By Melissa Rollins, Editor, email@example.com
Kyra March said that she always dreamed of attending Spellman College. Even her wardrobe featured several items with the college name and logo. One phone call changed the course of her college career.
“Ever since the eighth grade, I wanted to go to a college in Atlanta, Georgia called Spellman College,” March said. “It is an all-women’s college and a Historically Black College, as well. I would go visit. I had two long-sleeve shirts and two hats, lanyards; I really thought I was going there.”
She found out in December that her dream school had accepted her; she also found out that she would have to pay for almost all of her tuition, room and board.
“I was looking at the financial aid and they didn’t give me anything other than $5,000 in grants; their tuition is like $52,000,” March said. “I didn’t meet their scholarship requirements because you had to have a 30 on your ACT and a 1330 on your SAT; I had a 28 and a 1300. I asked if I could get another financial aid packet if I retook the test and the lady said that even if you meet the score requirement you aren’t guaranteed a scholarship. That’s when I decided to really look at my other options.”
One of those other options was Harvard University, a private Ivy League university in Massachusetts.
“My mom was happy with me going wherever I want; she didn’t push my in any specific direction,” March said. “I visited six schools and my mom went to every one with me, except one.”

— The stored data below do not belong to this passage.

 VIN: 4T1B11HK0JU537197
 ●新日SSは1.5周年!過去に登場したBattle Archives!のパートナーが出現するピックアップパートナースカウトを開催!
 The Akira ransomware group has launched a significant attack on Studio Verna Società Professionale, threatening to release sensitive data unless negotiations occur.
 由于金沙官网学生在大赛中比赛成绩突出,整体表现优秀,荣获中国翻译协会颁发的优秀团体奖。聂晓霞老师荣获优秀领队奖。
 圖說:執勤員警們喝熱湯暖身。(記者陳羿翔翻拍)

Though she applied at Harvard, March said she was still surprised when she got the news she was accepted.
“When I found out about being accepted to Harvard I didn’t even know what to do,” March said. “I was in Chemistry class when a Cambridge number was calling me. I thought I should probably answer it so I stepped out. The guy on the phone was asking about prom and if I got my dress yet, how was I doing. Then he said that the committee had reviewed my application and they thought I’d be a good fit for Harvard. I was in shock. I had to go pick my mom up and I told her about it and she was screaming. I learned about getting a full-ride a couple of months later. I didn’t even know what to do.”
Though a full-ride scholarship might be a determining factor for some, March said that she wanted to be absolutely certain she was happy with the school she chose.

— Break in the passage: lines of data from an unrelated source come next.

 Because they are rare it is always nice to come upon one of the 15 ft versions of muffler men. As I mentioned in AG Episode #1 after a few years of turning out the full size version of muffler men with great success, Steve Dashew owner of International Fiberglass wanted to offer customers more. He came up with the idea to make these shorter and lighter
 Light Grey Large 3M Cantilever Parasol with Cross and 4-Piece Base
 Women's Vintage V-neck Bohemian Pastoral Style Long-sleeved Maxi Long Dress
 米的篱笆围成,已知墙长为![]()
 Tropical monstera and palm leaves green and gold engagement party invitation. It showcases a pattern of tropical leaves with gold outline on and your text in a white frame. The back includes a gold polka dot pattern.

“At that point, I was choosing between UNC-Chapel Hill and Harvard,” March said. “I told my mom I wanted to love Harvard, like the feel of it when I visited; I didn’t just want to make the decision and not know how I felt about it.
But I loved it. I met so many different people and it was just great.”

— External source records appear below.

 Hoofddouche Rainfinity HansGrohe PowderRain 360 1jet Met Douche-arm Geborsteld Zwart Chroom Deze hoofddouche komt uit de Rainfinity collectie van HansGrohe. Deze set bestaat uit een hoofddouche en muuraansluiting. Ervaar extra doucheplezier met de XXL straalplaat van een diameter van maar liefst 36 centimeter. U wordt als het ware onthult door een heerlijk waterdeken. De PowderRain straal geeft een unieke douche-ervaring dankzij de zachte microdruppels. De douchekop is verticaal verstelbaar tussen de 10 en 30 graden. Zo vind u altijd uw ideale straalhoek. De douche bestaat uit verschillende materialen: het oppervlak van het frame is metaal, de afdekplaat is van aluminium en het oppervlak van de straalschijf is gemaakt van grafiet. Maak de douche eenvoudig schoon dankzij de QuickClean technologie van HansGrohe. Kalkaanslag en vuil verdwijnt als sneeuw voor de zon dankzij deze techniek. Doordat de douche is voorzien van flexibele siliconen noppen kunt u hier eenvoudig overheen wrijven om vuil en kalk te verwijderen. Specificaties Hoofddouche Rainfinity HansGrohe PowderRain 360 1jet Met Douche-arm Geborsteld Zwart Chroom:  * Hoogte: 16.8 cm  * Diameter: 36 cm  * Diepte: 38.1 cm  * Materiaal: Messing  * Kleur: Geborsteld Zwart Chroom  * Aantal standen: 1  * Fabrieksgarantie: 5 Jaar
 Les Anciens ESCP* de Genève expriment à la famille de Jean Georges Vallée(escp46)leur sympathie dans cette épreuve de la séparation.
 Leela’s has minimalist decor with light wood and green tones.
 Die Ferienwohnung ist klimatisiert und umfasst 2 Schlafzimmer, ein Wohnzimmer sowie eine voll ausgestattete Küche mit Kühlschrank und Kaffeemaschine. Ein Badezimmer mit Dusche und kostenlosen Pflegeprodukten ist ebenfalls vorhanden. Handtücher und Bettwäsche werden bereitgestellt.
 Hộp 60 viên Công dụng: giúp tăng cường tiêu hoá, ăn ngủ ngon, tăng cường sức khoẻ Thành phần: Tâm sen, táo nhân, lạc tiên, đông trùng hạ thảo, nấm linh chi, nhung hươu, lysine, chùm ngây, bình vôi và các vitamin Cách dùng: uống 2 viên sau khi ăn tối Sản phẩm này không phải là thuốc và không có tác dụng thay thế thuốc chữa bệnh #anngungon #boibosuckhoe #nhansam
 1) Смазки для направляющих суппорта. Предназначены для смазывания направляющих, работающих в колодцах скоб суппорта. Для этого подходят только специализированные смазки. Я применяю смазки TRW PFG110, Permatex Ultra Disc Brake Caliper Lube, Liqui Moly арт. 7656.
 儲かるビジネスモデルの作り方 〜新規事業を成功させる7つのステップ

She plans to double major in African-American Studies and Women’s Studies with a minor in Political Science.
“A few years ago I went to the museum for civil rights in Atlanta with my church during the summer,” March said. “It really surprised me because there were so many things I didn’t know about African-American history, like the accomplishments of women, because we’re not really taught that in depth in school. We learn about the Civil Rights Movement but we don’t really learn about anything else. I really found out a lot of different things about people of color and their different accomplishments and even about equal rights for different types of people like Native Americans. That really sparked my passion for history and African-American history and women’s history. I decided to double-major and have a minor because there are a lot of things that I’m interested in, in the liberal arts field.”
She plans to be become a college professor.
“I was going to focus on African-American studies but some professors dabble in a few different types of course; I’d like to do that,” March said.
Her high school activities included National Honor Society, Beta Club, Key Club, Fellowship of Christian Athletes and Living Out Loud Youth Ministry. The total amount of scholarship money offered to March from all the universities and colleges she was accepted to was $1,187,512.